ECLI:NL:RVS:2017:2367
Raad van State
- Voorlopige voorziening+bodemzaak
- Rechtspraak.nl
Niet-ontvankelijkheid van hoger beroep inzake aanvraag verblijfsvergunning asiel
Op 29 augustus 2017 heeft de voorzieningenrechter van de Afdeling bestuursrechtspraak van de Raad van State uitspraak gedaan in een zaak betreffende de niet-ontvankelijkheid van een hoger beroep van een vreemdeling tegen een besluit van de staatssecretaris van Veiligheid en Justitie. De vreemdeling had op 12 oktober 2016 een aanvraag ingediend voor een verblijfsvergunning asiel voor bepaalde tijd, welke aanvraag door de staatssecretaris was afgewezen. De vreemdeling heeft hiertegen beroep ingesteld bij de rechtbank Den Haag, zittingsplaats Amsterdam, die op 25 juli 2017 het beroep ongegrond verklaarde. De vreemdeling, vertegenwoordigd door mr. M.A.C. de Vilder-van Overmeire, heeft vervolgens hoger beroep ingesteld bij de Raad van State.

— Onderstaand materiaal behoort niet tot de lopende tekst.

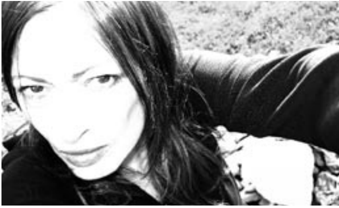
Gudrun Gut

Morgenstern, Milenasong, Laurenz Pike). Op haar laatste plaat / put a record on wordt haar evocatieve, doorleefde stem met minimale techno en instrumentale experimenten in de verf gezet.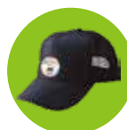
オリジナルキャップ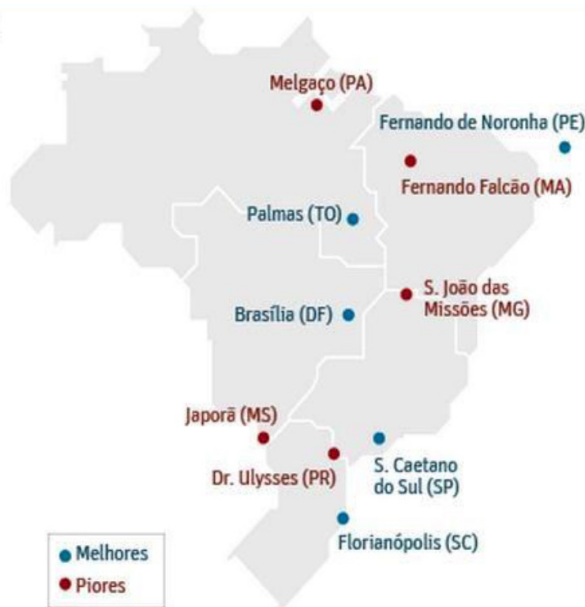
Figura 7 - Editoria de Arte/Folhapress 15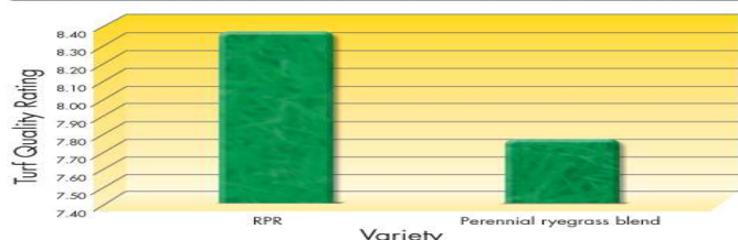
INTENSE TRAFFIC TOLERANCE - THE OHIO STATE UNIVERSITY

The graph above shows the average of the two RPR varieties compared to a perennial ryegrass blend after three days of intense traffic. Recorded in September 2008. Data from The Ohio State University, P.J. Sherratt, John R. Street and A. Drake.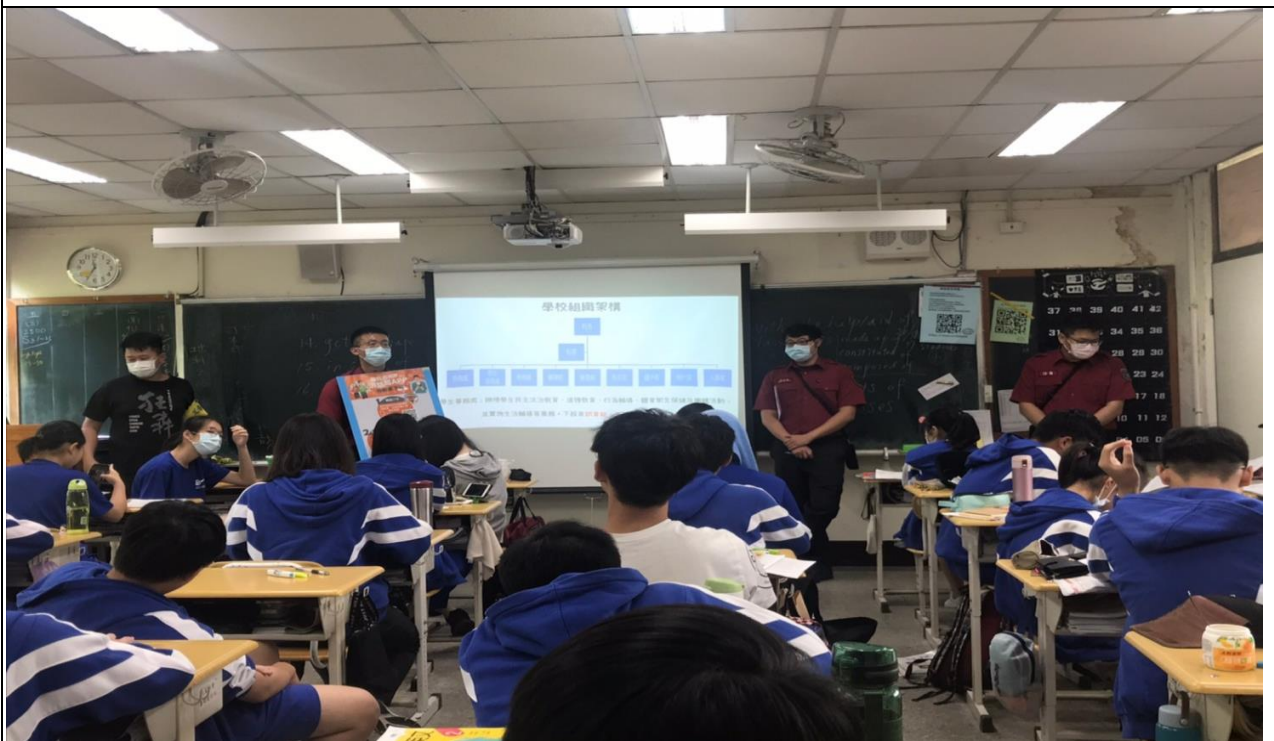
說明：110-2 學期協請大直消防分隊入校實施防災 APP 宣導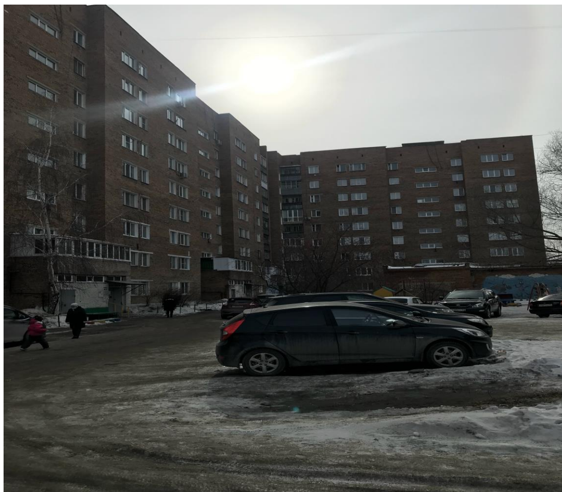
Фото 5. Дата и время съемки: 02.03.2022, 09:32.

De voorzieningenrechter heeft vastgesteld dat de termijn voor het indienen van het hogerberoepschrift op 1 augustus 2017 is geëindigd, maar dat het hogerberoepschrift pas op 2 augustus 2017 is verzonden. Hierdoor is het hoger beroep niet tijdig ingediend. De vreemdeling heeft geen feiten of omstandigheden aangevoerd die rechtvaardigen dat hij in verzuim is geweest. Daarom heeft de voorzieningenrechter geoordeeld dat het hoger beroep kennelijk niet-ontvankelijk is.
Gelet op deze beslissing heeft de voorzieningenrechter het verzoek om het treffen van een voorlopige voorziening afgewezen en is er geen aanleiding voor een proceskostenveroordeling. De uitspraak is openbaar gedaan op 29 augustus 2017.